O esforço de investigação, financiado pelo governo norte-americano, avaliou o papel das redes sociais, a saúde mental, o consumo de álcool e engajamento de saúde. Todo o material levantado rendeu  um suplemento com 10 artigos recentemente publicados pelo jornal The Gerontologist.

Entre os achados, os estudos evidenciaram que a existência ou a falta de suporte social à pessoa LGBT influi nas taxas de consumo de bebidas alcoólicas. Aproximadamente 20% dos adultos LGBT mais velhos, por exemplo, relataram padrões de consumo de bebidas alcóolicas que indicam alto risco. O preconceito também pesa na saúde. Ele prejudica, por exemplo, a adesão aos tratamentos de doenças agudas e crônicas, especialmente.  Atrapalha, por exemplo, a construção de uma boa relação entre o médico e  o paciente. 
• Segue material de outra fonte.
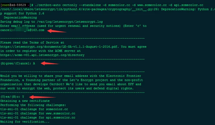./certbot-auto certonly --standalone -d somecolor.cc -d www.somecolor.cc -d api.somecolor.cc
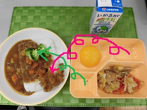 ☆今日の「カレーライス」は牛挽肉を主材とした「ミートカレーライス」です。食べる時は専用の深皿に入れたご飯に、温かい「カレールウ」をかけ、副食容器に入った「ブロッコリー」を各自でトッピングして食べましょう。「福神漬け」も組み合わせています。
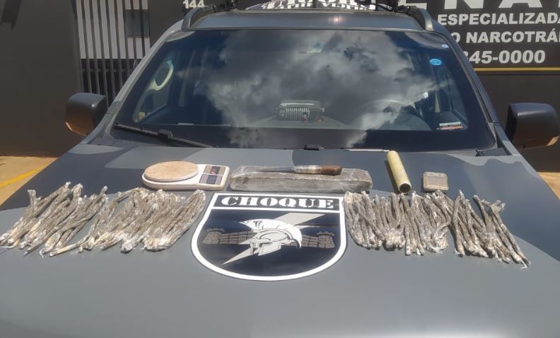 Próximo a ele foi achado uma mochila contendo 130 invólucros de maconha prontos para venda, além de um tablete do mesmo entorpecente, uma faca, um rolo de papel filme e duas balanças de precisão.
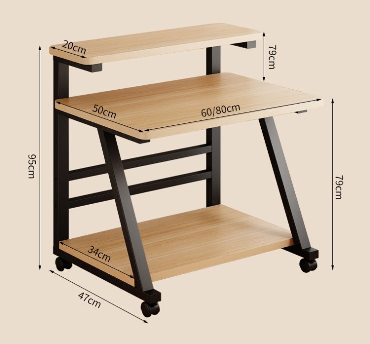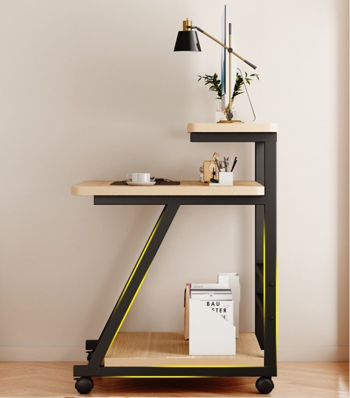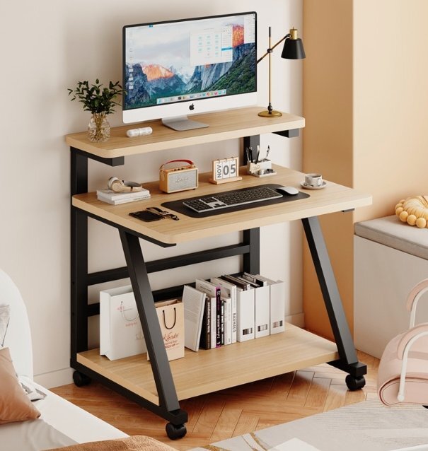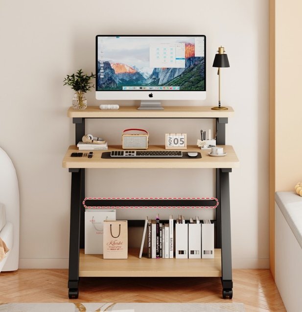 小さめのパソコンデスク、家庭用ミニ移動式デスク、寝室用シングル簡易二段パソコンデスク
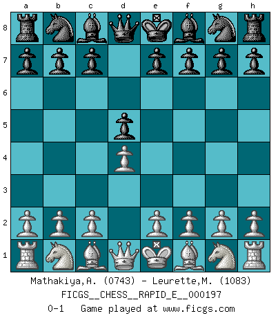 Last move : 0-1 2018 January 24 13:25:25 [Event "FICGS__CHESS__RAPID_E__000197"] [Site "FICGS"] [Date "2018.01.05"] [Round "1"] [White "Mathakiya,Azaz"] [Black "Leurette,Marc-Antoine"] [Result "0-1"] [WhiteElo "0743"] [BlackElo "1083"] 1.d4 d5 0-1 Queen's pawn game Player Black won this chess game. Follow this game move after move (download)Only the player with the initiative has the right to attack. (Wilhelm Steinitz) Verschiedene, sehr schätzbare und im Laufe des Lebens nützliche Eigenschaften des Geistes können durch das Schachspiel erworben und gekräftigt werden, so dass sie zu Gewohnheiten werden, die uns nie im Stich lassen. (Benjamin Franklin) Con el tiempo, empecé a progresar en partidas decisivas. Tal vez porque me di cuenta de una simple verdad: no solo estaba yo nervioso sino también mi oponente. (Mikhail Tal) Les Echecs ont trois composantes : le temps, l'espace et le matériel en dernier. (Mikhail Tal) Everything in life is luck. (Donald Trump)
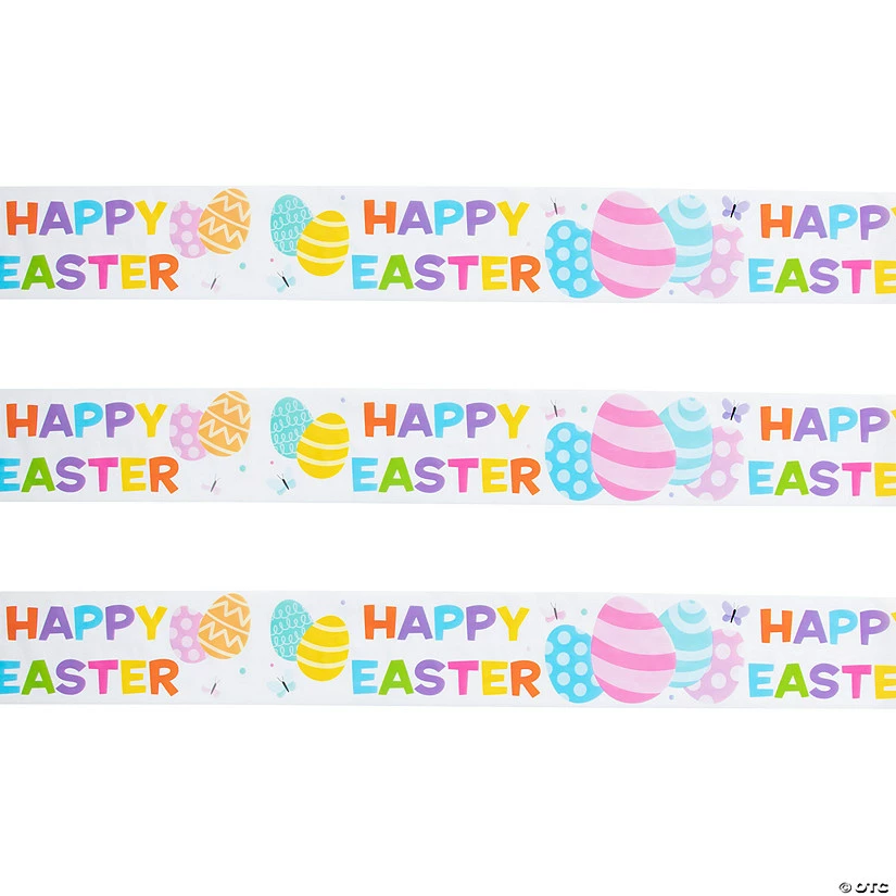 Block off a space in a colorful and cheerful way with this cute caution tape roll. Featuring a repeating “Happy Easter” message along with colorful Easter images, this caution tape is the perfect choice to section off spaces for an outdoor Easter egg hunt while keeping with the Easter decoration theme. Plastic. 4 1/2″ x 244″
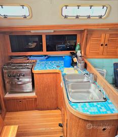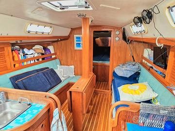 Vendesi Barca a vela B&B 36. Cantiere EMISUL del 2004. Tripala Yanmar 2023, lunghezza 10,67 mt; larghezza 3,40 mt, pescaggio 1,8 mt; Motore YANMAR revisionato a nuovo 2023, serbatoio acqua 400lt e serbatoio gasolio 100lt. Pannelli solari. Autopilota Raymarine ST 4000 Plus, Salpaancora, GPS, Rollafiocco, Winch ponte nuovi. Timone a ruota. 2 cabine e 7 posti letto 1 bagno. Dotato di cucina con fuochi e forno, frigo, boiler, Tender. Inoltre: Winch ponte nuovi; Opera viva portata a gelcoat e trattata 2025; Tappezzeria esterna, Bimini, Sprayhood, copriranda e copritimone rifatta; WC elettrico nuovo 2025 Ottimo stato, visibile a Procida (Lega Navale)
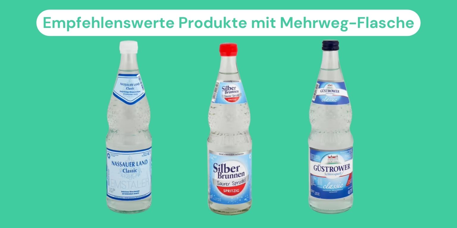 Besser für die Umwelt als Einweg: Die günstigsten Mineralwässer, die in Glas-Mehrweg-Flaschen kommen, sind im ÖKO-TEST das Nassauer Land Classic (43 Cent/Liter), das Silber Brunnen Saurer Sprudel Spritzig (50 Cent/Liter) und das Güstrower Schlossquell Classic (50 Cent/Liter).
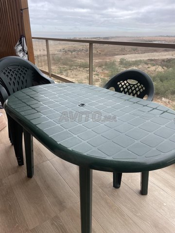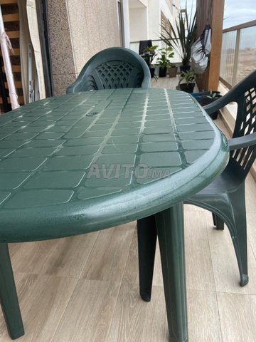 Grande Table en plastique solide avec 5 chaises sans dégât et pas cassé, jolie couleur
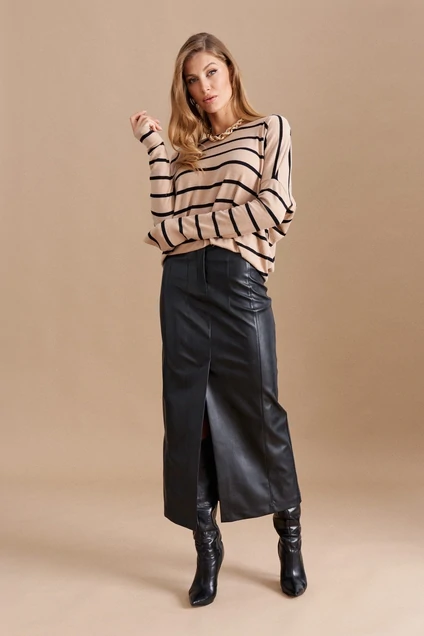 Юбка полуприлегающего силуэта из эко кожи. По переду рельефные швы, шлица. Спинка с рельефными швами, средним швом. Средний шов спинки заканчивается шлицей. Длина изделия миди.
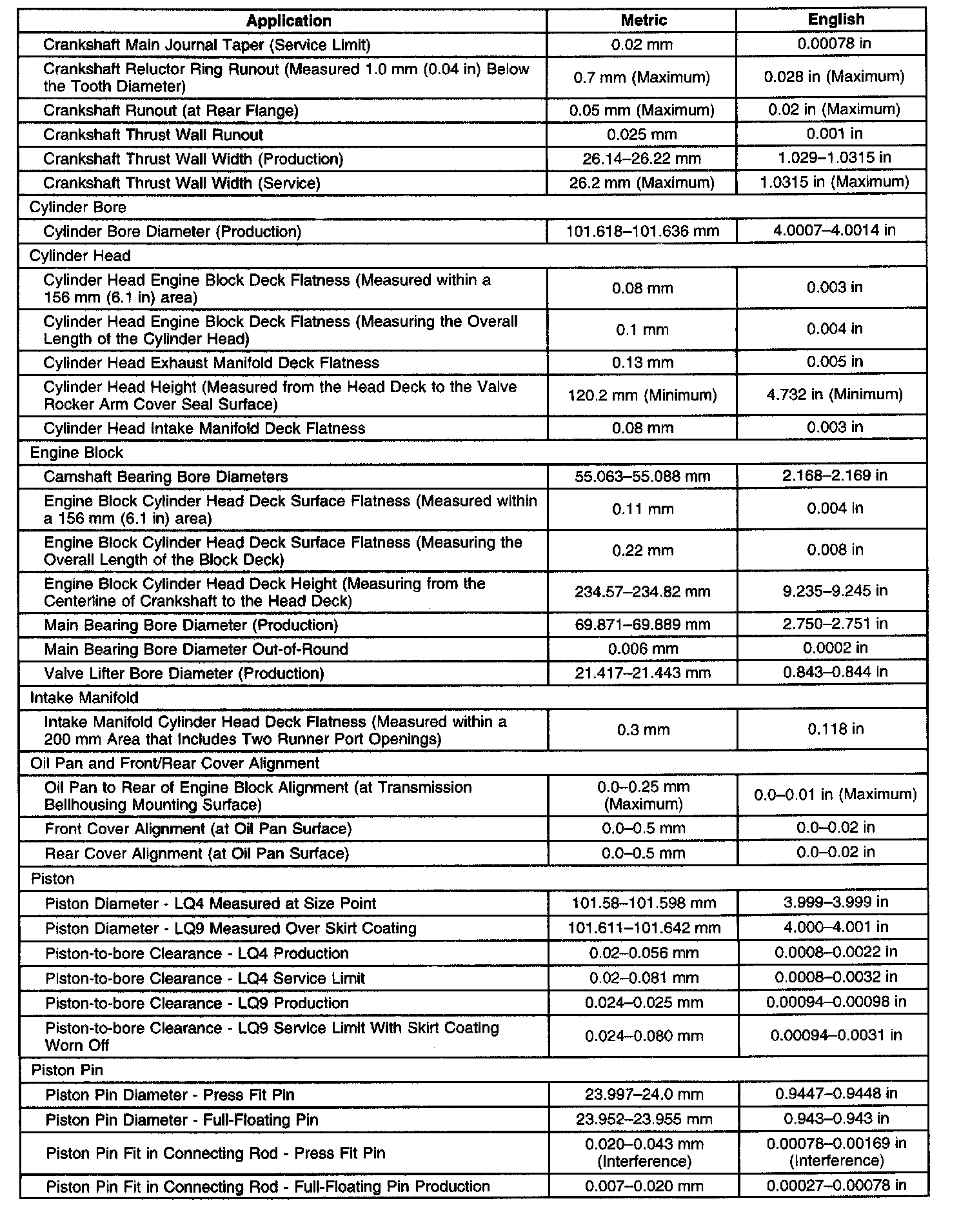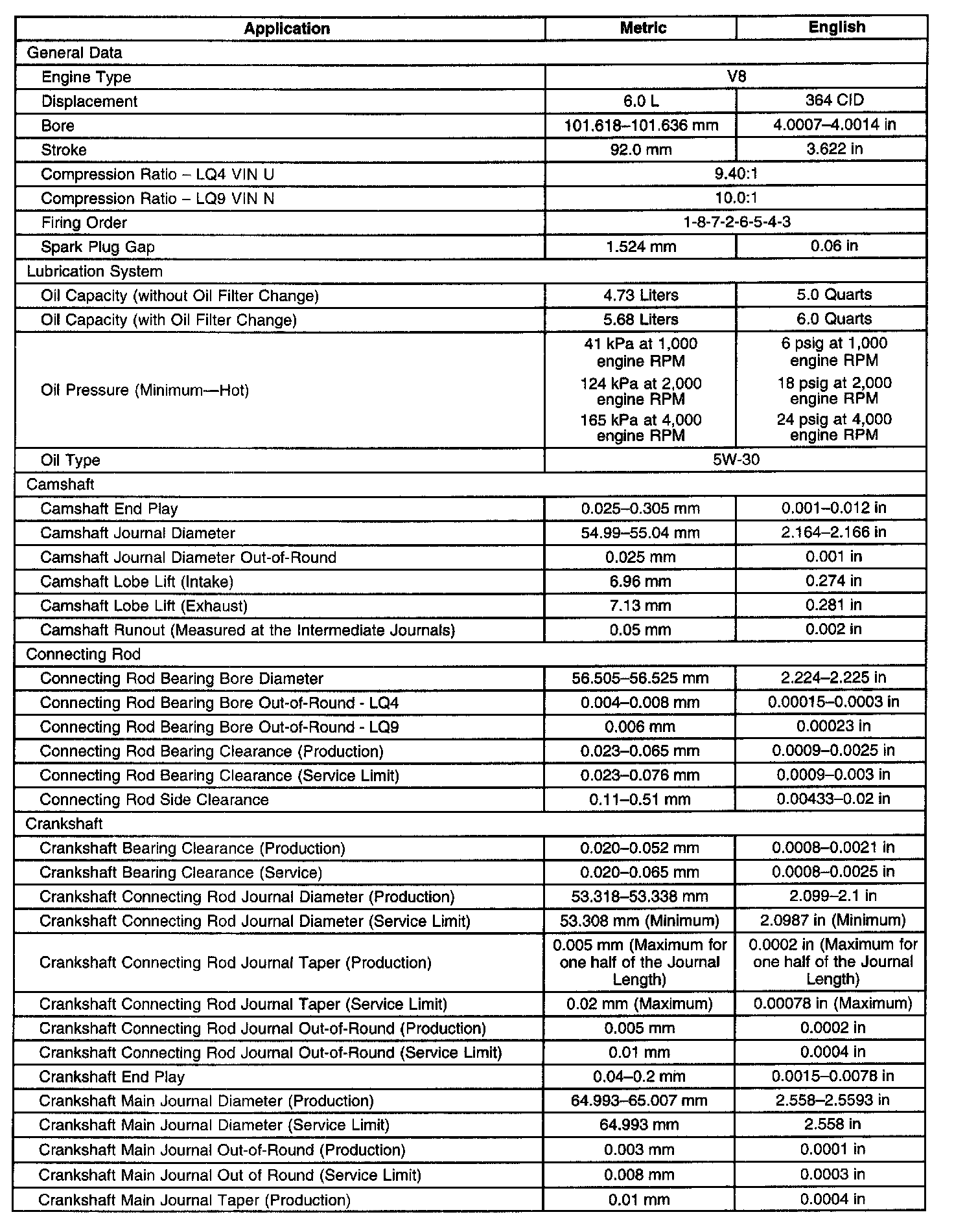 Engine Mechanical Specifications

Outro trabalho viu que o estigma da identidade está relacionado de forma importante com o aparecimento de sintomas depressivos em idosos transexuais.  A pesquisa descobriu ainda que, nos Estados Unidos, ter um histórico anterior de serviço militar funcionou como um atenuante da relação entre o estigma da identidade os sintomas depressivos. Os especialistas discutem agora orientações para uma futura pesquisa que explore de que modo o serviço militar anterior pode contribuir para a resiliência e resultados positivos de saúde mental nesse grupo.Não se sabe se esse achado pode ser transposto para outras culturas.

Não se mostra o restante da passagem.